##### RECORD SET

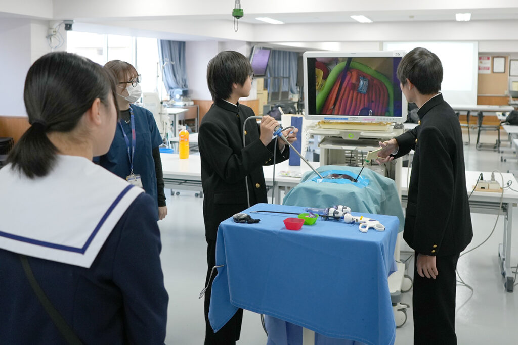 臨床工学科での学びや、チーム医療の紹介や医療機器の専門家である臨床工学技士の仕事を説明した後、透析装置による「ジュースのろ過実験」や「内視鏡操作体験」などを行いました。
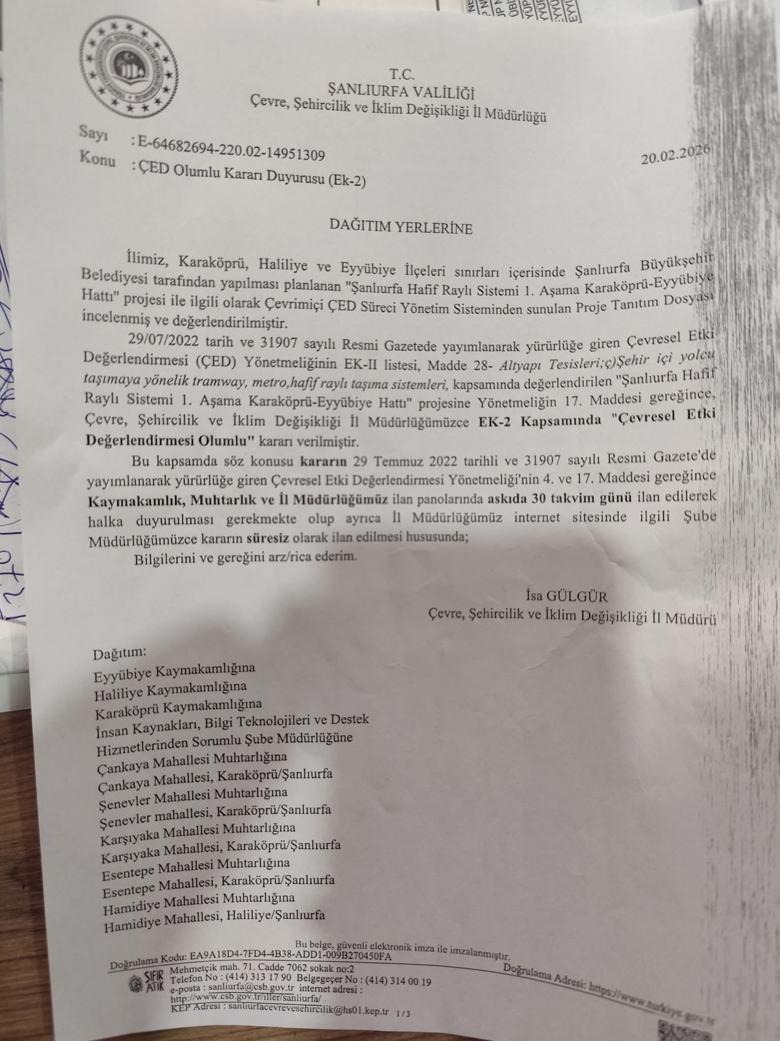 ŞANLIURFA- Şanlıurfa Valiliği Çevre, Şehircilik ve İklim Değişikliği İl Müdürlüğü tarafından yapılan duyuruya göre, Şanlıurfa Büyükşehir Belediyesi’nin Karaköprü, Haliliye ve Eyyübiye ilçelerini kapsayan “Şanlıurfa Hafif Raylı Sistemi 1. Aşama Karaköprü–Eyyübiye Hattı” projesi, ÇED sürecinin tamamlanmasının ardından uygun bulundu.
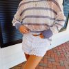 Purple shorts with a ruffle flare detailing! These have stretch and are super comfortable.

##########
##### RECORD SET

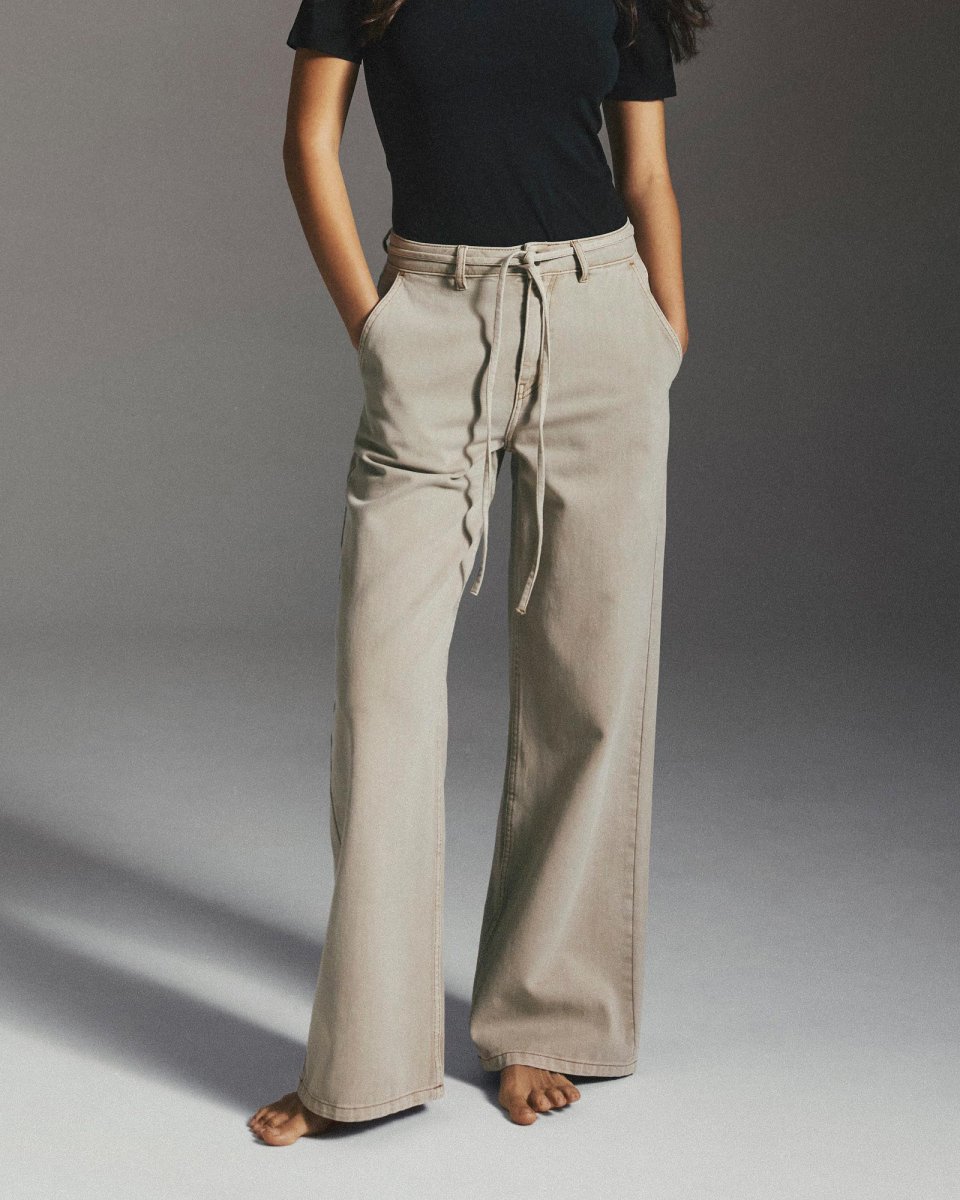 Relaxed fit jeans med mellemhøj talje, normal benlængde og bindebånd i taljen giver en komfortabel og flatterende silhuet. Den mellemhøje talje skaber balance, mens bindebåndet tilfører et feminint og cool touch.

##########

Above are records with pictures. Reproduce exactly only the lines from the line with "臨床工学科での学びや、チーム" through the line with "ŞANLIURFA- Şanlıurfa Valiliği", both ends included, and leave the pictures out.

 臨床工学科での学びや、チーム医療の紹介や医療機器の専門家である臨床工学技士の仕事を説明した後、透析装置による「ジュースのろ過実験」や「内視鏡操作体験」などを行いました。
 ŞANLIURFA- Şanlıurfa Valiliği Çevre, Şehircilik ve İklim Değişikliği İl Müdürlüğü tarafından yapılan duyuruya göre, Şanlıurfa Büyükşehir Belediyesi’nin Karaköprü, Haliliye ve Eyyübiye ilçelerini kapsayan “Şanlıurfa Hafif Raylı Sistemi 1. Aşama Karaköprü–Eyyübiye Hattı” projesi, ÇED sürecinin tamamlanmasının ardından uygun bulundu.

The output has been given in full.